The results are detailed in the peer-reviewed Journal of Analytical Atomic Spectrometry."This is the earliest clear example of oil paintings in the world, although drying oils were already used by ancient Romans and Egyptians, but only as medicines and cosmetics," said researcher Yoko Taniguchi.It is believed that the upper parts of their faces were made from great wooden masks or casts.
They were intentionally dynamited and destroyed in 2001 by the Taliban, on orders from leader Mullah Mohammed Omar, after the Taliban government declared that they were "idols" (which are forbidden under Sharia law).Japan and Switzerland, among others, have pledged support for the rebuilding of the statues., Bamyan was part of the Indian kingdom of Gandhara.Scholars long believed they were first added to paints much later in medieval Europe."There was no clear material evidence of drying oils being used in paintings before the 12th century A. anywhere in the world, until now," says Yoko Taniguchi, a Japanese conservation scientist on the team.Painted in the mid-seventh century, the murals show scenes with Buddhas in vermilion robes sitting cross-legged amid palm leaves and mythical creatures.

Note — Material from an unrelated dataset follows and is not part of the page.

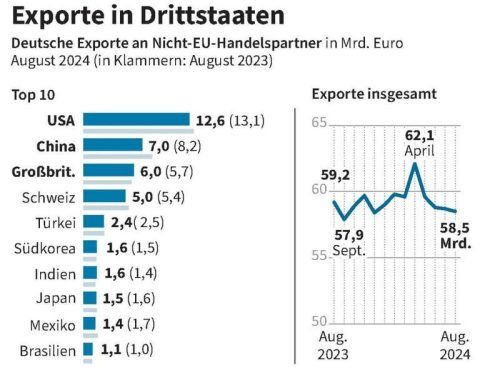 Wiesbaden – Die schwächere Nachfrage wichtiger Handelspartner drückt auf das deutsche Exportgeschäft mit Ländern außerhalb der EU. Im August gaben die Ausfuhren in die USA im Vergleich zum Vorjahresmonat um 3,2 Prozent auf 12,6 Milliarden Euro nach, wie das Statistische Bundesamt in Wiesbaden auf Ba

The world was in shock when in 2001 the Talibans destroyed two ancient Buddha statues in Afghanistan.
Japan and Switzerland, among others, have pledged support for the rebuilding of the statues.
Bamiyan lies on the Silk Road, which runs through the Hindu Kush mountain region, in the Bamiyan Valley.
Monks at the monasteries lived as hermits in small caves carved into the side of the Bamyan cliffs.
Many of these monks embellished their caves with religious statuary and elaborate, brightly-colored frescoes.
It was the site of several Buddhist and Hindu monasteries, and a thriving center for religion, philosophy, and Indo-Greek art.